(Data items)

★ ★ ★ ★

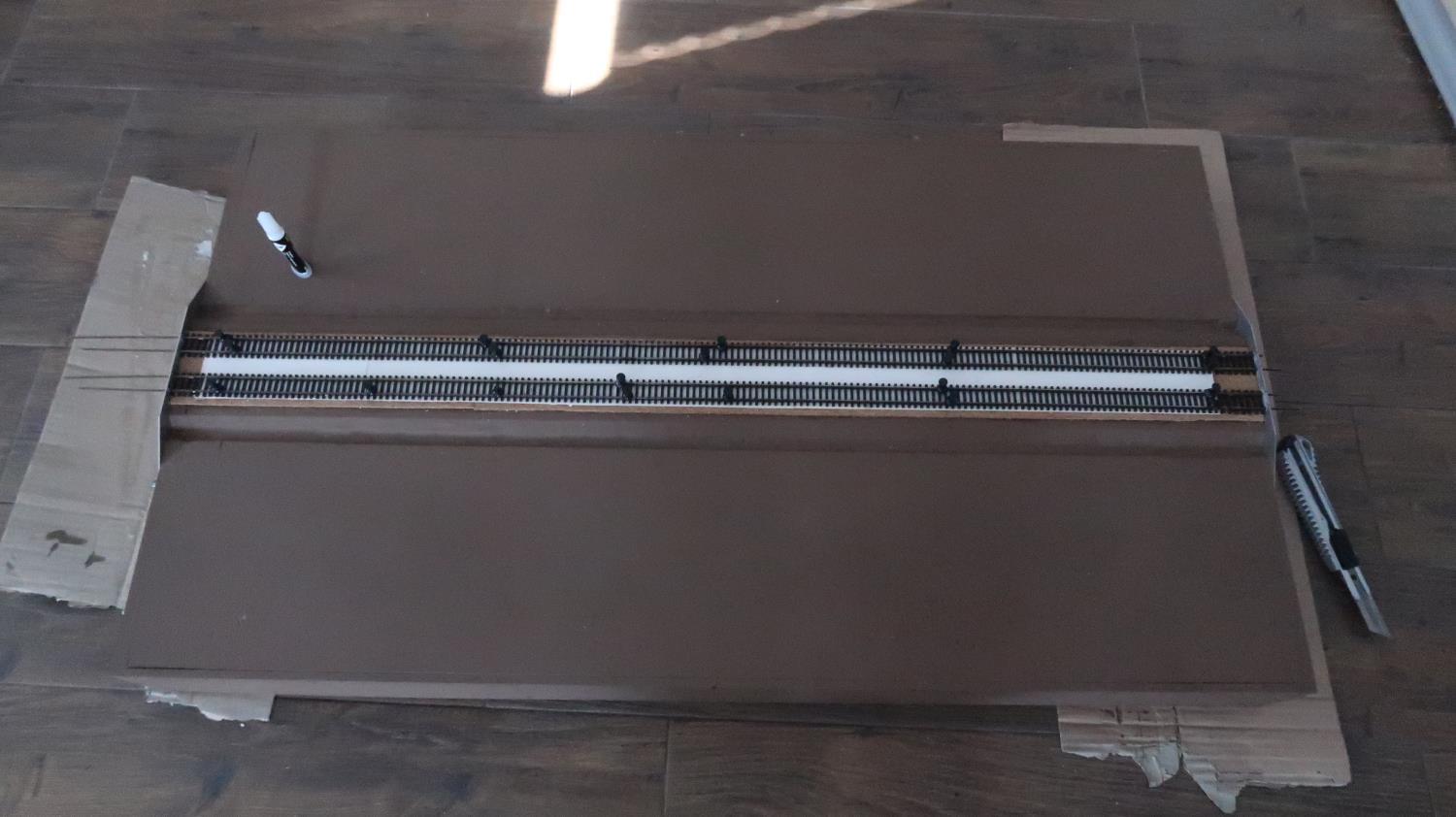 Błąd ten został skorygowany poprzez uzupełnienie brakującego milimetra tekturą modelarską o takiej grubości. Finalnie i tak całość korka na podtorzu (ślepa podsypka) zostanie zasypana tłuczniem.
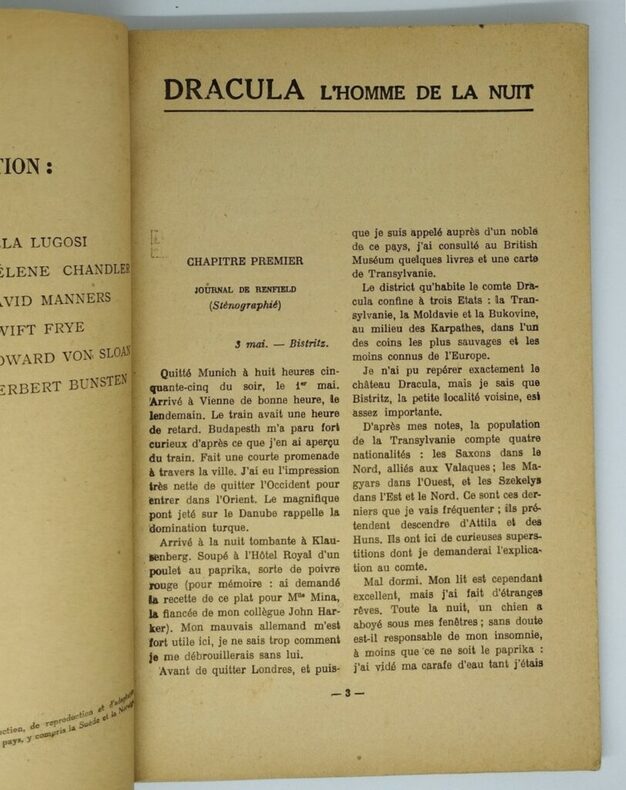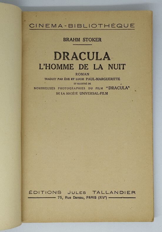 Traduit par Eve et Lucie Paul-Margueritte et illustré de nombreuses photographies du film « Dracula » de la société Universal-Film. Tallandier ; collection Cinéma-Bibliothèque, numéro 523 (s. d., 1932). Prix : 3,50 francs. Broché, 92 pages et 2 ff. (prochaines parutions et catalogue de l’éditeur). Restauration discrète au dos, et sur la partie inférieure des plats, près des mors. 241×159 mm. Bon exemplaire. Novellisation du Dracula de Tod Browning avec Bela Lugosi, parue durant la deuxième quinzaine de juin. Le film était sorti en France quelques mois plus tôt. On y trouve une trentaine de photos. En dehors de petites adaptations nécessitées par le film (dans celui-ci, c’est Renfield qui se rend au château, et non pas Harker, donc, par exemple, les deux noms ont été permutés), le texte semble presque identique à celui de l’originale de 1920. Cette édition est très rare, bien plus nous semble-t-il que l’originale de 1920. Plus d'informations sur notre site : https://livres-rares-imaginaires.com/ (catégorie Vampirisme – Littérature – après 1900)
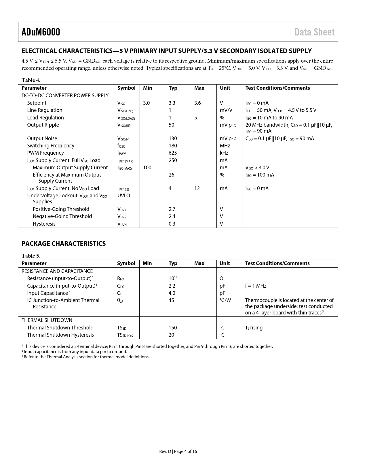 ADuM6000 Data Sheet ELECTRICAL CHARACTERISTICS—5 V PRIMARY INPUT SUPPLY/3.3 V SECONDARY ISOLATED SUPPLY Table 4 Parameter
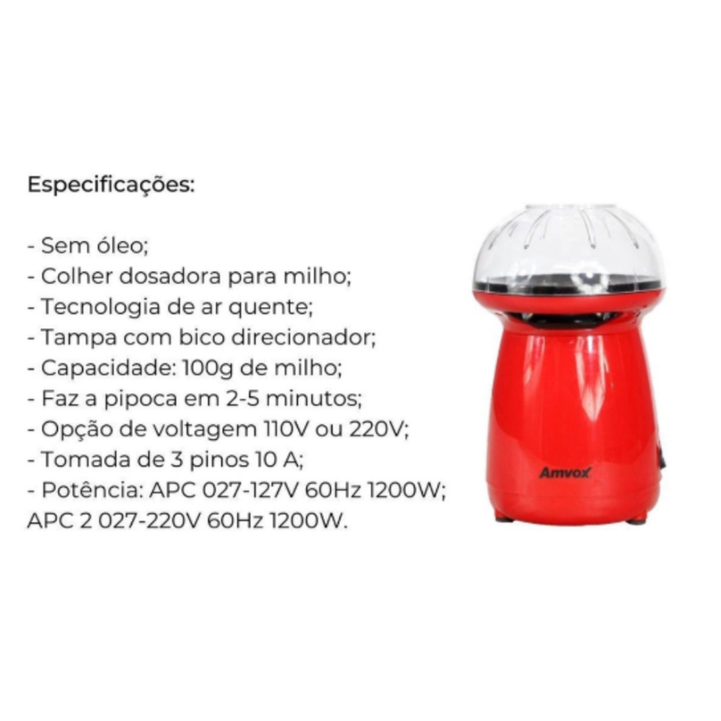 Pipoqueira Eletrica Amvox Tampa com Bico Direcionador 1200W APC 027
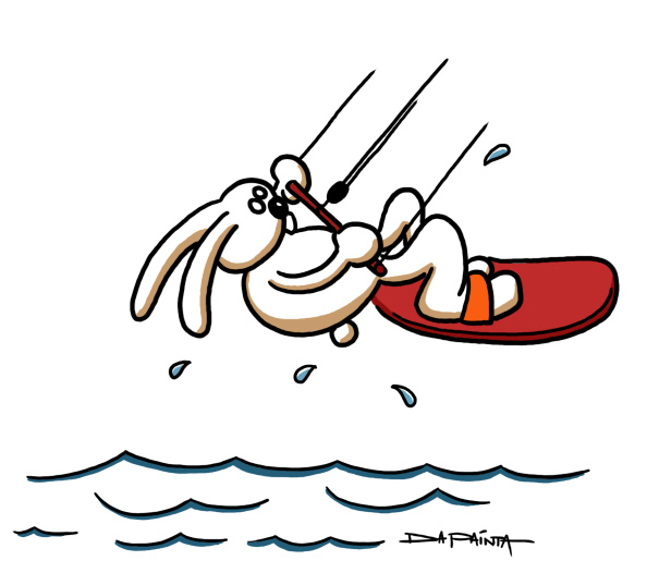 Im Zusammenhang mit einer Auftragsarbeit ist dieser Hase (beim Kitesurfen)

★ ★ ★ ★

**Task instructions**: Please set the records down again exactly as written. The pictures should not be included.

**Problem solution**:
 Błąd ten został skorygowany poprzez uzupełnienie brakującego milimetra tekturą modelarską o takiej grubości. Finalnie i tak całość korka na podtorzu (ślepa podsypka) zostanie zasypana tłuczniem.
 Traduit par Eve et Lucie Paul-Margueritte et illustré de nombreuses photographies du film « Dracula » de la société Universal-Film. Tallandier ; collection Cinéma-Bibliothèque, numéro 523 (s. d., 1932). Prix : 3,50 francs. Broché, 92 pages et 2 ff. (prochaines parutions et catalogue de l’éditeur). Restauration discrète au dos, et sur la partie inférieure des plats, près des mors. 241×159 mm. Bon exemplaire. Novellisation du Dracula de Tod Browning avec Bela Lugosi, parue durant la deuxième quinzaine de juin. Le film était sorti en France quelques mois plus tôt. On y trouve une trentaine de photos. En dehors de petites adaptations nécessitées par le film (dans celui-ci, c’est Renfield qui se rend au château, et non pas Harker, donc, par exemple, les deux noms ont été permutés), le texte semble presque identique à celui de l’originale de 1920. Cette édition est très rare, bien plus nous semble-t-il que l’originale de 1920. Plus d'informations sur notre site : https://livres-rares-imaginaires.com/ (catégorie Vampirisme – Littérature – après 1900)
 ADuM6000 Data Sheet ELECTRICAL CHARACTERISTICS—5 V PRIMARY INPUT SUPPLY/3.3 V SECONDARY ISOLATED SUPPLY Table 4 Parameter
 Pipoqueira Eletrica Amvox Tampa com Bico Direcionador 1200W APC 027
 Im Zusammenhang mit einer Auftragsarbeit ist dieser Hase (beim Kitesurfen)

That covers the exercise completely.